* Excerpted records
[Start of Attachment]
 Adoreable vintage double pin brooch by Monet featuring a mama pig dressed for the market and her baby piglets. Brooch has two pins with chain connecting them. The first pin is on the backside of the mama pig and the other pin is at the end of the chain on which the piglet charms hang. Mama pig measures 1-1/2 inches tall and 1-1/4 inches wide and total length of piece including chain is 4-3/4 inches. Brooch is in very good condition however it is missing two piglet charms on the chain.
[End of Attachment]
[Start of Attachment]
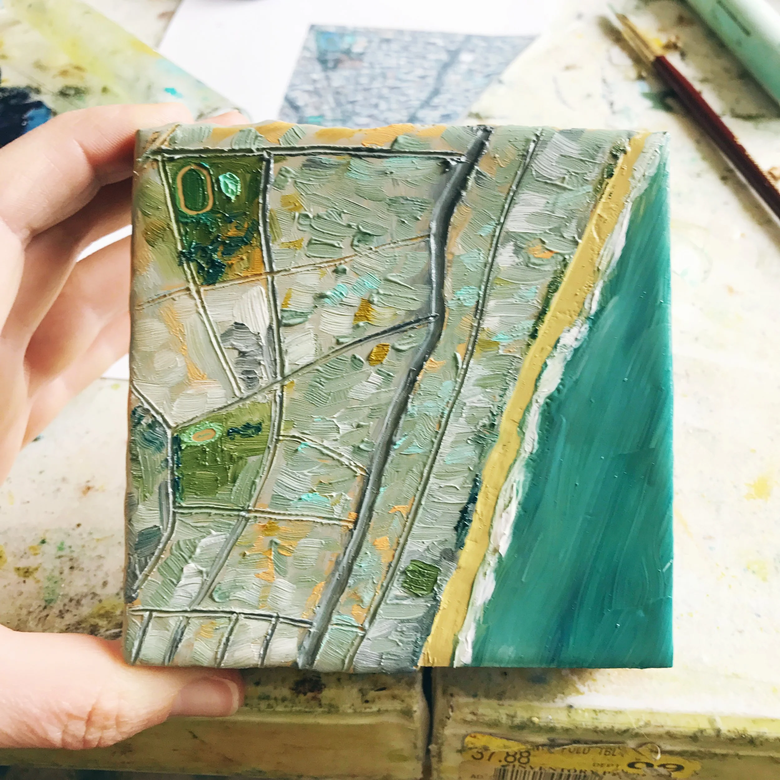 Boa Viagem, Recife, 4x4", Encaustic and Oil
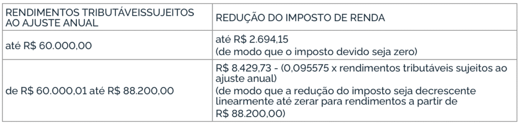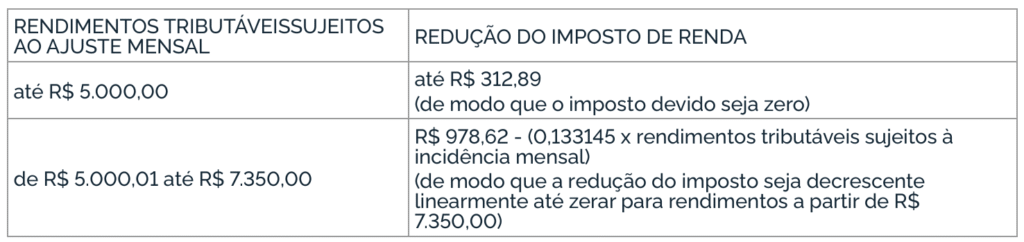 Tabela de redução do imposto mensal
[End of Attachment]
* What this task involves
After locating "Encaustic and Oil" and "Tabela de redução do imposto mensal" in the records above, return exactly the line holding each one and every line between them; leave out the pictures.

* Response box
 Boa Viagem, Recife, 4x4", Encaustic and Oil
 Tabela de redução do imposto mensal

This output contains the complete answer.